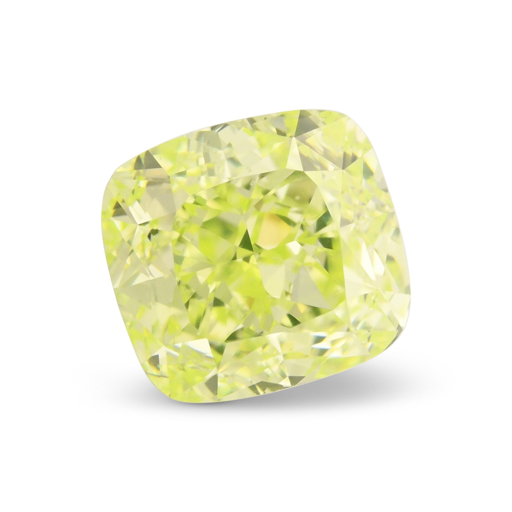 This stunning 1.34-carat cushion diamond radiates a vibrant citrus-inspired yellowish green that's both rare and captivating. GIA-certified VS2 clarity ensures exceptional quality and authenticity. An extraordinary choice for those seeking a distinctive, investment-worthy gemstone.
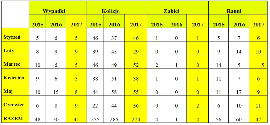 W ocenianym okresie (w relacji z I półroczem 2016) odnotowaliśmy: wzrost ilości wypadków ze skutkiem śmiertelnym z 1 do 3 oraz ilości osób, które poniosły w wyniku tych wypadków śmierć z 1 do 4. Odnotowaliśmy natomiast mniejszą ilość osób rannych w wypadkach - o 13.
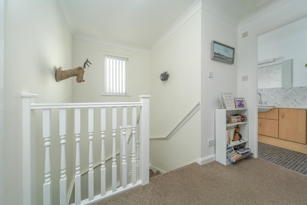 Taking the stairs to the first floor, the landing opens out to three bedrooms, two bathrooms and a storage cupboard.
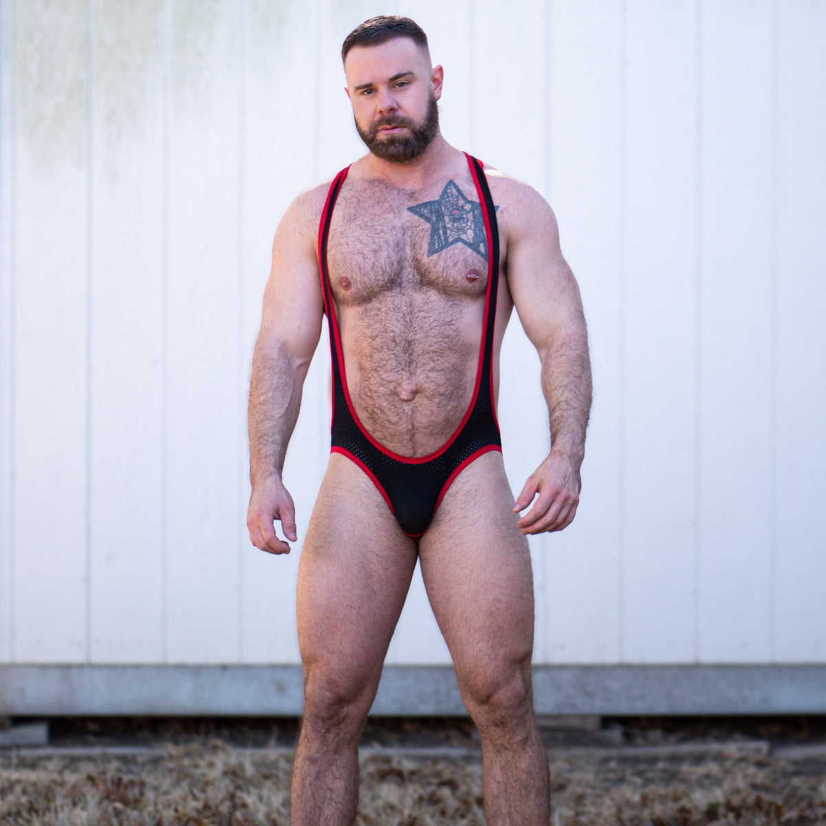Our vision was to create a bodysuit men could wear with confidence and get noticed in. With a bare back, jock cut, and low-cut front, the Mesh Pro Bodysuit Singlet blends sex appeal with a hint of mystique. This sexy wrestling singlet invites a good time, embodying Gruff Pup’s fearless, fun spirit.
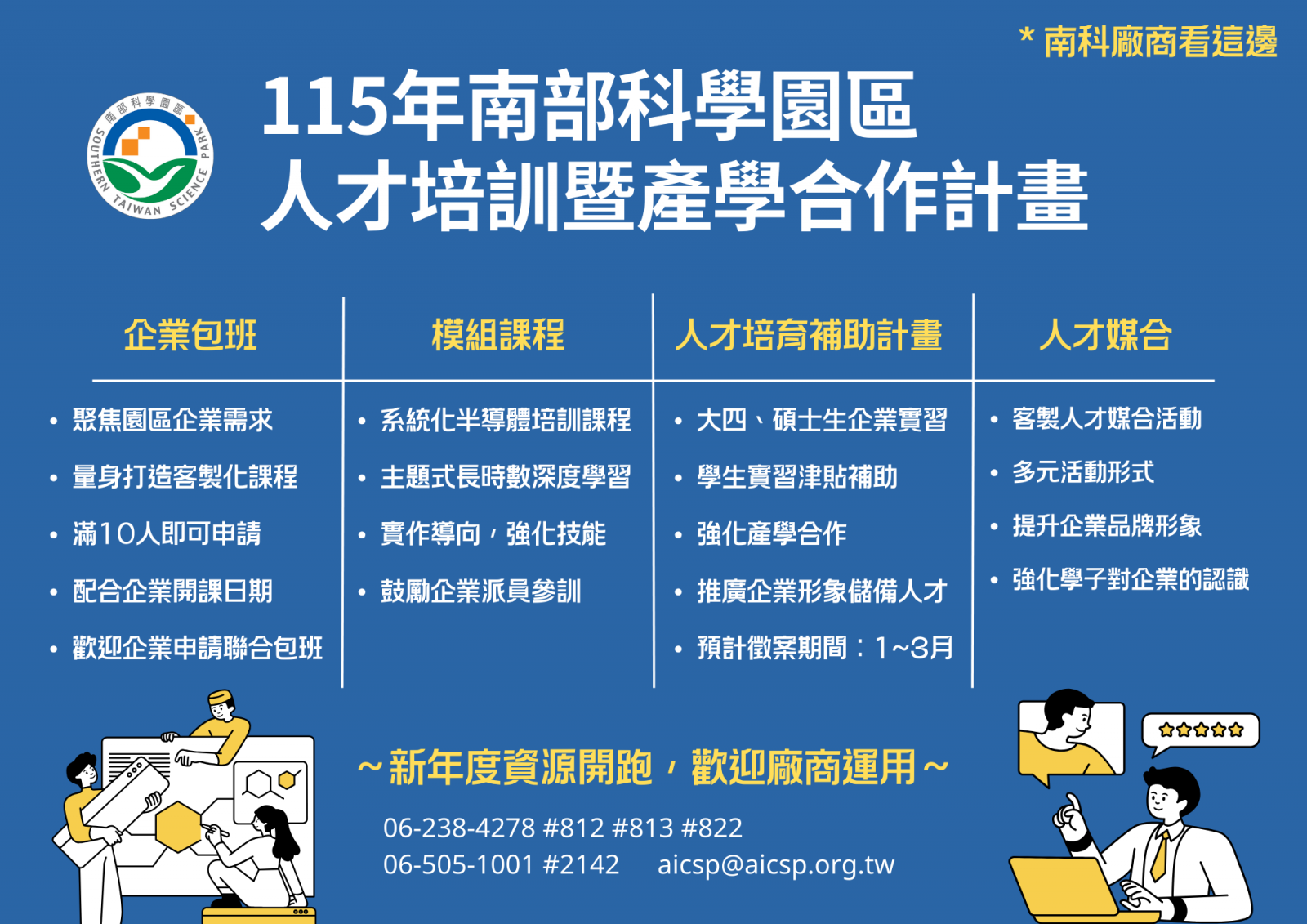學員登入 註冊會員 忘記密碼 活動訊息 活動訊息 協會活動 會員活動 策略聯盟 成功大學產學創新總中心 成大工程科技推展中心 台灣科學工業園區科學工業同業公會 中華人事主管協會 活動訊息 首頁>活動訊息>活動訊息>協會活動 活動名稱【南管局計畫資源】115年南科人才培訓計畫,歡迎南科園區廠商申請 日期2026年01月01日~2026年11月20日 轉寄好友 友善列印 分享 訂閱產學電子報 我要報名 活動名稱 【南管局計畫資源】115年南科人才培訓計畫,歡迎南科園區廠商申請 活動內容 活動時間與地點 時間2026年01月01日~2026年11月20日 我要報名 上一頁
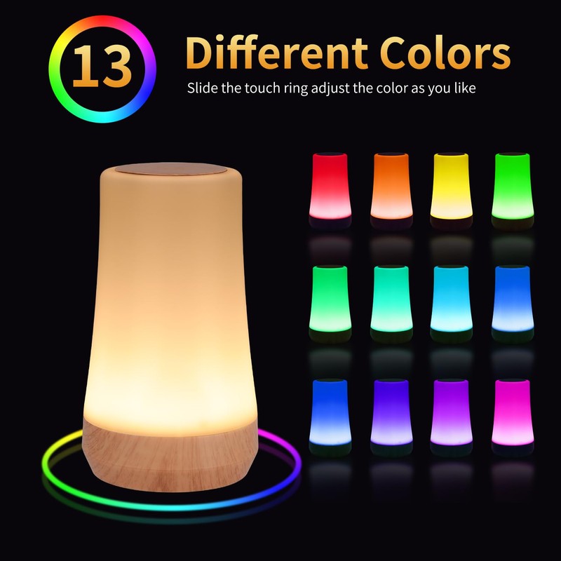 GREENTREEN LED Nachttischlampe Touch Dimmbar USB Aufladbar für Kinder, Schlafzimmer, Wohnzimmer, Camping, 13 Farben RGB Farbwechsel Nachtlicht Tischlampe mit Fernbedienun und Timing Funktion

§ Exercise instructions: Once more, please print the whole listing exactly, omitting each image.

§ Problem solution:
 This stunning 1.34-carat cushion diamond radiates a vibrant citrus-inspired yellowish green that's both rare and captivating. GIA-certified VS2 clarity ensures exceptional quality and authenticity. An extraordinary choice for those seeking a distinctive, investment-worthy gemstone.
 W ocenianym okresie (w relacji z I półroczem 2016) odnotowaliśmy: wzrost ilości wypadków ze skutkiem śmiertelnym z 1 do 3 oraz ilości osób, które poniosły w wyniku tych wypadków śmierć z 1 do 4. Odnotowaliśmy natomiast mniejszą ilość osób rannych w wypadkach - o 13.
 Taking the stairs to the first floor, the landing opens out to three bedrooms, two bathrooms and a storage cupboard.
Our vision was to create a bodysuit men could wear with confidence and get noticed in. With a bare back, jock cut, and low-cut front, the Mesh Pro Bodysuit Singlet blends sex appeal with a hint of mystique. This sexy wrestling singlet invites a good time, embodying Gruff Pup’s fearless, fun spirit.
學員登入 註冊會員 忘記密碼 活動訊息 活動訊息 協會活動 會員活動 策略聯盟 成功大學產學創新總中心 成大工程科技推展中心 台灣科學工業園區科學工業同業公會 中華人事主管協會 活動訊息 首頁>活動訊息>活動訊息>協會活動 活動名稱【南管局計畫資源】115年南科人才培訓計畫,歡迎南科園區廠商申請 日期2026年01月01日~2026年11月20日 轉寄好友 友善列印 分享 訂閱產學電子報 我要報名 活動名稱 【南管局計畫資源】115年南科人才培訓計畫,歡迎南科園區廠商申請 活動內容 活動時間與地點 時間2026年01月01日~2026年11月20日 我要報名 上一頁
 GREENTREEN LED Nachttischlampe Touch Dimmbar USB Aufladbar für Kinder, Schlafzimmer, Wohnzimmer, Camping, 13 Farben RGB Farbwechsel Nachtlicht Tischlampe mit Fernbedienun und Timing Funktion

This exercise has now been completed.